RIM chief: buggy smartphones the 'new reality'
CEO comes clean
A Research In Motion (RIM) executive has admitted that malfunctioning smartphones are now par for the course, thanks in part to the complexity and high-volume production of devices like the BlackBerry Storm.
Jim Balsillie, RIM's co-CEO, said that software glitches on smartphones are now part of the “new reality” as firms rush device development in order to meet important sales days, such as Black Friday in North America, according to a Wall Street Journal report.
The Storm is already a source of frustration for some users, with many online reports having already cited users suffering from a range of bugs, including frozen applications.
But help could be around the corner, for Storm owners at least. Last week, an unofficial firmware update – version 18.104.22.168 – was leaked online. It’s said to provide some respite from frozen applications.
However, early reports have also claimed the update’s more focused on adding new features to the phone. For example, an on-screen keyboard in portrait mode and tweaks to the phone’s GUI. ®
wow, news alert...
I worked in mobiles for 7 years until end 2006. there were several reasons I left the industry, but as a system test engineer for protocol stacks (whose job ended up in china, I might add) the quality of the software going out of the door made me wince.

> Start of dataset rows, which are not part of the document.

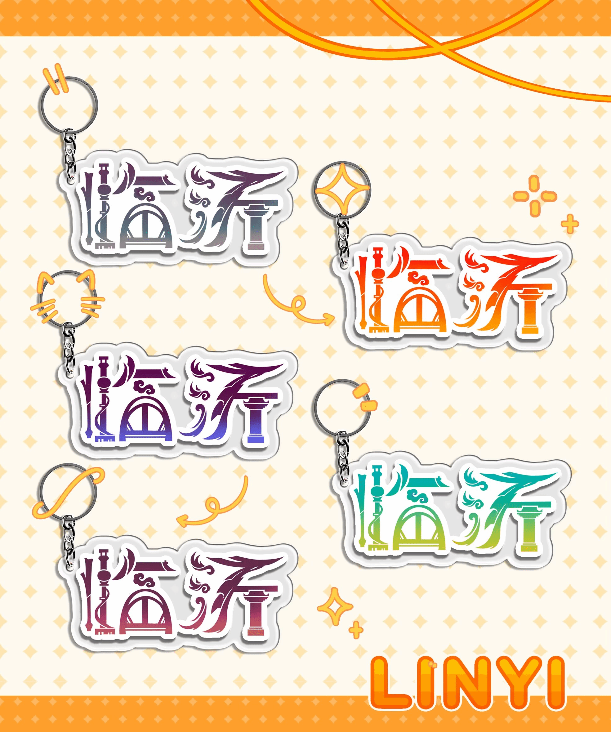 2024级包装设计一班贾欣然以“临沂”二字为视觉核心,将城市地标风貌与字体设计深度融合,萃取凤凰广场、临沂电视塔、沂龙湾大桥等的标志性视觉元素,打造兼具地域辨识度与艺术美感的专属字体,并将其转化为钥匙扣文创形式。
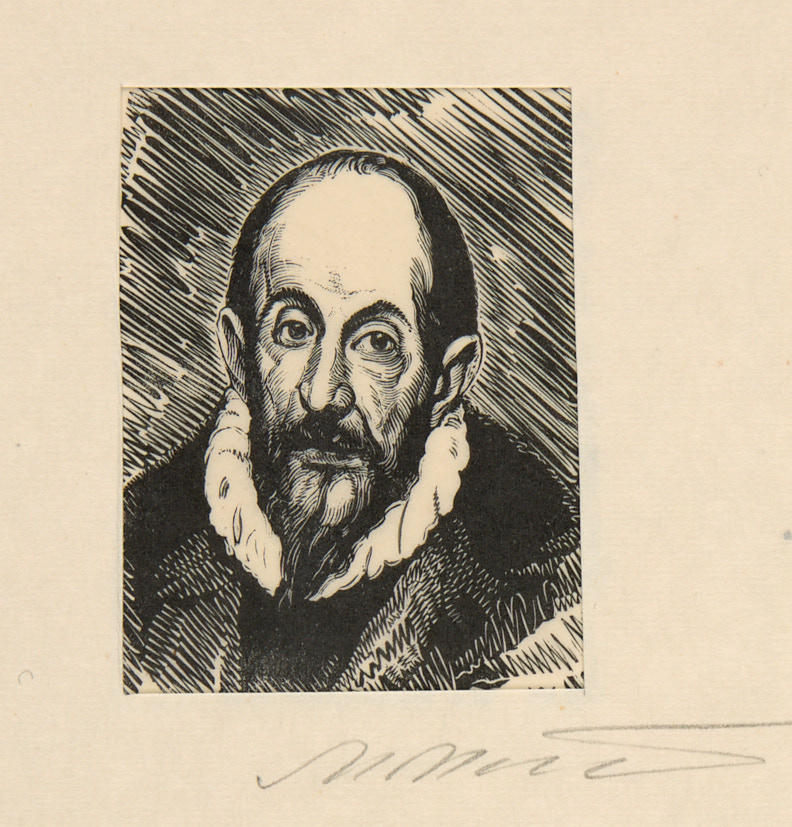 Портрет художника Эль Греко. 1930 г. Ксилография, 15,3×9 см.
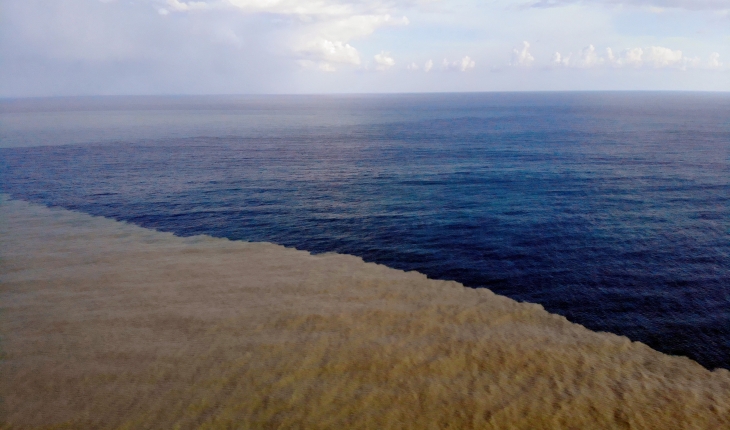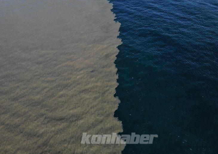 Sel sularının vurduğu ve büyük hasar alan Kastamonu'nun Bozkurt ilçesinden geçen Ezine çayı çamur renginde Karadeniz'e akıyor. Çayın deniz ile ile birleştiği alanda Karadeniz iki renk oldu.
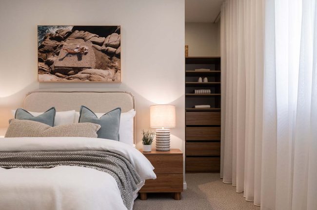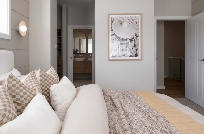 Ascend the stairs to the grand upper level, where five bedrooms and three bathrooms create a home that effortlessly accommodates every chapter of life. Afforded ultimate privacy, the master suite is located to the rear of the upper level and is complete with a dual walk-in-robe and luxurious ensuite. Coastline vibes are activated through the Scyon Stria horizontal cladding to the walls, painted in ‘Signal Station’. The remaining four bedrooms each feature a walk-in-robe, share Jack-and-Jill style ensuites and showcase feature wallpaper to inject a hint of coastline escape! Completing the upper level is a bonus rumpus room — featuring a covered outdoor deck to promote natural light and airflow.

i mean, it was pathetic. actual protocol stacks going out the door with known bugs in. as for the rest of the phones, well, worse.
nokia are particularly awful for putting out half finished firmware, but SE are just as bad. it's the major reason I'm using a p990: the thing sat in a drawer for 2 months after I bought it and i checked SE fora for news on better firmware. now it's good and i've been using it solidly for 20 months.
i knew blackberry was on a downward curve after using my wife's one: fonts all over the place, badly drawn dialogs-how can companies expect to get away with this stuff?
the whole mobile phone industry has gone insane trying to pack too much in too fast without properly testing it, and the project management which co-ordinates it all is almost always pathetic with a lack of joined-up thinking.
now, I work for a tetra radio company: mission-critical devices which, first and foremost, have to work: and which have lifecycles measured in years.
and it feels so good to work for a company that makes quality digital comms devices.
the mobile industry should stop, take stock and back off.
Seems to me that the mobiles are only following the computer industries lead of writing crap and rushing it to market even though they knew it was still buggy (any flavour windoze comes to mind).
Mine's the one with the long antenna!
Quality Assurance is Dead
What a pitiful admission. Had to rush it out the door so we did so even though we knew it
was substandard and bug filled. Makes you want to rush out and buy one. Would you trust
their next product to be any better. I think not.
Bollocks, pure and utter bollocks. I've had several buggy phones, and by time you have bought the phone, or been locked into your new contract the telco's don't care, and say deal with it. I bought a samsung u600 once with my renewed contract from Tmobile, loved the phone, hated the firmware - it crashed constantly, you couldn't turn off the full sms tone after SENDING messages (very annoying in office), and worst of all it was branded tmobile everywhere. I updated it, voiding the warranty, using the generic firmware floating around the net, only to find the official firmware was just as crap. Eventually (few months) I gave up, bought a second hand N95.... which was buggy again, but I then flashed with latest firmware released by Nokia, which didn't void the warranty this time, and it was perfect, didn't have a single crash, battery life was improved, menus and application stability was improved, gps locking was great... so I stuck with that phone for about 18 months until I shifted from tmobile and their crappy custom firmware's, and to o2.... ok, so I went for an iPhone (I was getting the £35 unlimited data contract anyway) so I just got that out of interest.
Phone works fine, most stable phone I've had from initial firmware, but I'm missing the missing features I got in older phones, such as streaming music over bluetooth (saved me money on cd's in the car, as it is bluetooth unit with ability to control music player on the phone), and being able to pass images over bluetooth.... oh, and being able to spell in proper english.... every time I type in realise it tries to correct me, the cheeky b*stards.... I selected English, not merkin!!
Paris - because once upon a time I considered getting the Sidekick... and tmobile laughing at me in store when I asked about it, and them not selling it at the time in uk was possibly the best thing they ever did for me...
It's an ...........
iPhone Killer isn't it?
I've had an iPhone for a couple of years and, for my use, wouldn't touch any other make. For me (stupid as I am) simplicity is the key. If there are any bugs I don't know about them because they've never affected me. I agree wholeheartedly with Ian Davies.
It seems to me that other manufacturers still haven't cottoned-on to what makes (for me and probably for most people) a good mobile phone ... it's the WAY it works. I hope other manufacturers do eventually make something with the ease of use of an iPhone because competition is good for the industry. But they haven't yet.